-- Input data follows --

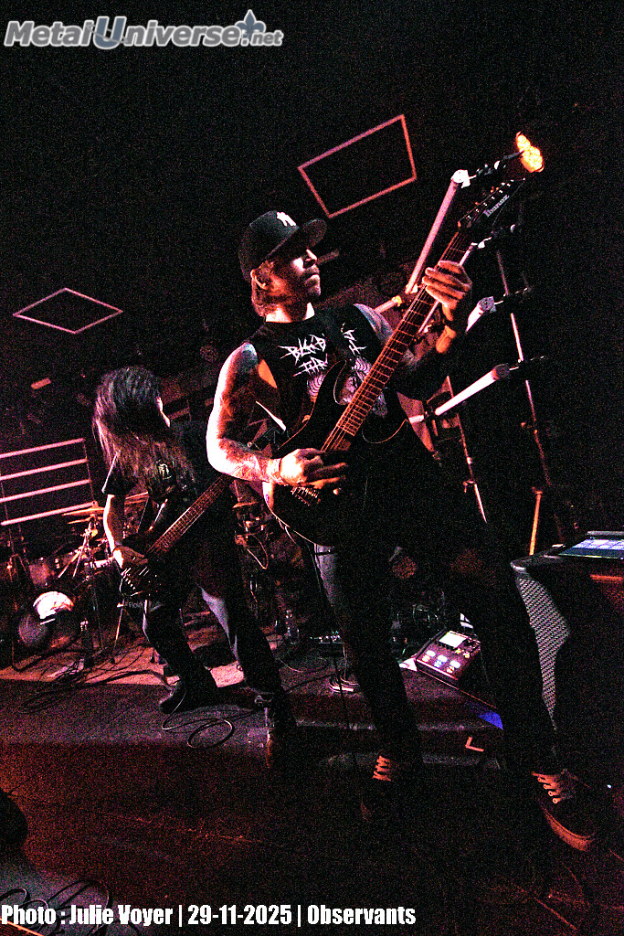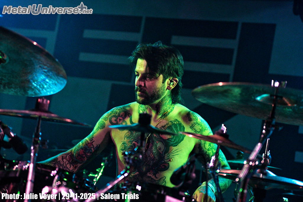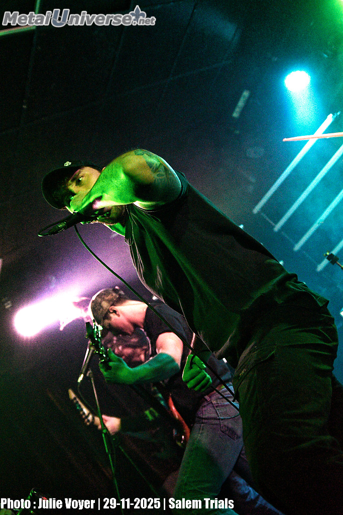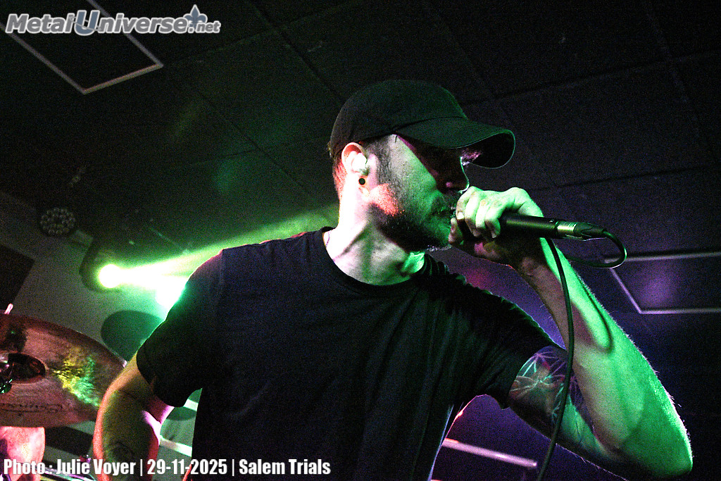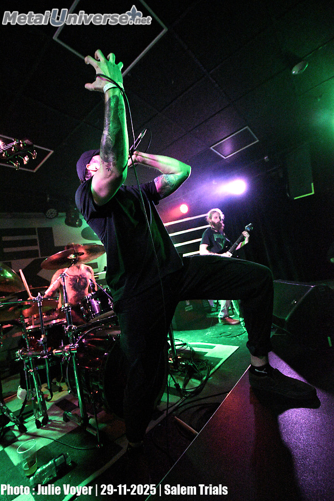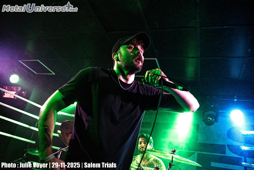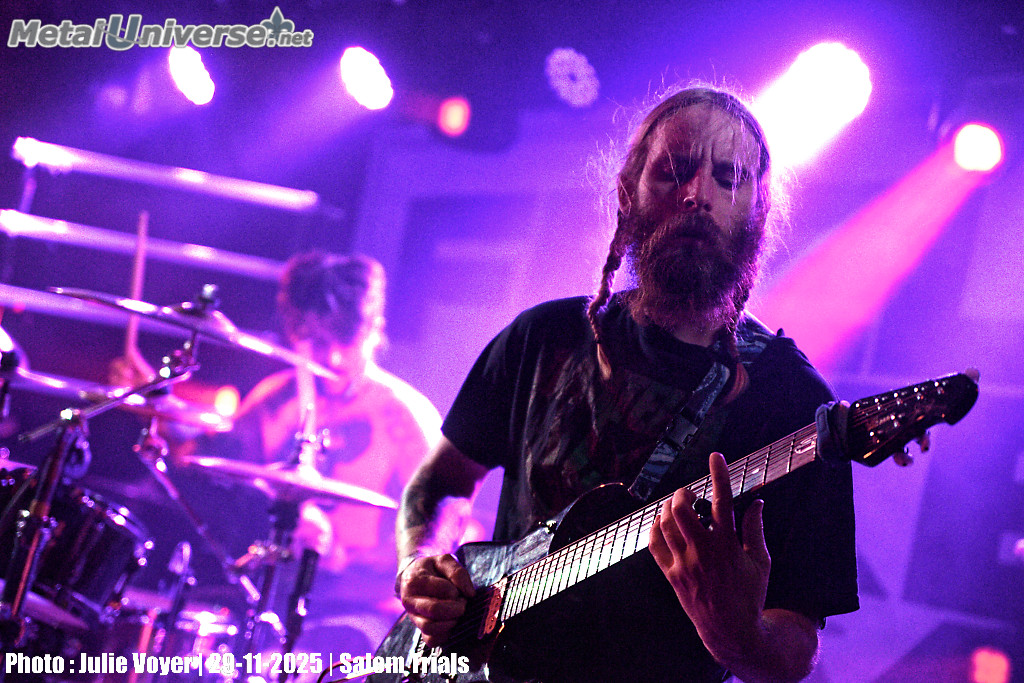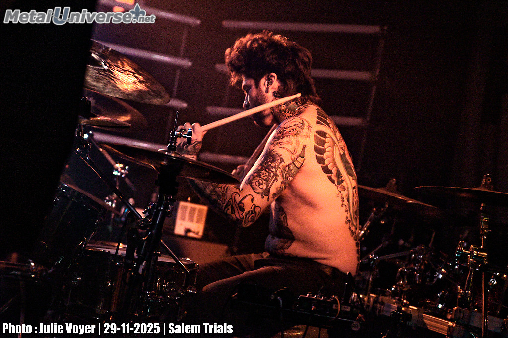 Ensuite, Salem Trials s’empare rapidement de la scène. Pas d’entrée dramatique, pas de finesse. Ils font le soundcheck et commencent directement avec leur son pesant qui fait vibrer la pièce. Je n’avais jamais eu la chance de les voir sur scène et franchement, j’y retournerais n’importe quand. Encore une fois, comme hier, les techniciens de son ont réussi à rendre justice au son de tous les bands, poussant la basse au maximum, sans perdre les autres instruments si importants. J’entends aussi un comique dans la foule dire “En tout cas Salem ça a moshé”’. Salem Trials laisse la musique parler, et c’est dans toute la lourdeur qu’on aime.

-- Input data concluded --
-- Input data follows --

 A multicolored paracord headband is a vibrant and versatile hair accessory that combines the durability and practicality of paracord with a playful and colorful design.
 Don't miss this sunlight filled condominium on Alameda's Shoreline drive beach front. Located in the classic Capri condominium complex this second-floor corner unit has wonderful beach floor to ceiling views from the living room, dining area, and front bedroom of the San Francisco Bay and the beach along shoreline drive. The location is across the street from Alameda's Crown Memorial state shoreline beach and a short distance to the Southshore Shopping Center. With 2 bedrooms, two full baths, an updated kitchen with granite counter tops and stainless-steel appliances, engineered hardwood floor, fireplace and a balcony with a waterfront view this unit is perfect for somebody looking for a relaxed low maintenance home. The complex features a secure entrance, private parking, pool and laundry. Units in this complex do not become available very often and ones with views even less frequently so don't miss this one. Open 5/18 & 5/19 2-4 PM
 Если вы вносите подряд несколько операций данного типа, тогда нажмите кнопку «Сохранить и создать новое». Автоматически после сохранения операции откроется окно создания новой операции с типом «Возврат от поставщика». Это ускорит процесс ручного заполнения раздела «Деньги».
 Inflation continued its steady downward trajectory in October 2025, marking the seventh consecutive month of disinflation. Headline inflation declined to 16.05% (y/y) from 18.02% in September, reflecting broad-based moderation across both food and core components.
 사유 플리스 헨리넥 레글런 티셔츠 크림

-- Input data concluded --

Activity
Take the listing above and repeat exactly the lines from the one containing "Если вы вносите" through the one containing "사유 플리스 헨리넥 레글런 티셔츠 크림", both included.

Output for this task
 Если вы вносите подряд несколько операций данного типа, тогда нажмите кнопку «Сохранить и создать новое». Автоматически после сохранения операции откроется окно создания новой операции с типом «Возврат от поставщика». Это ускорит процесс ручного заполнения раздела «Деньги».
 Inflation continued its steady downward trajectory in October 2025, marking the seventh consecutive month of disinflation. Headline inflation declined to 16.05% (y/y) from 18.02% in September, reflecting broad-based moderation across both food and core components.
 사유 플리스 헨리넥 레글런 티셔츠 크림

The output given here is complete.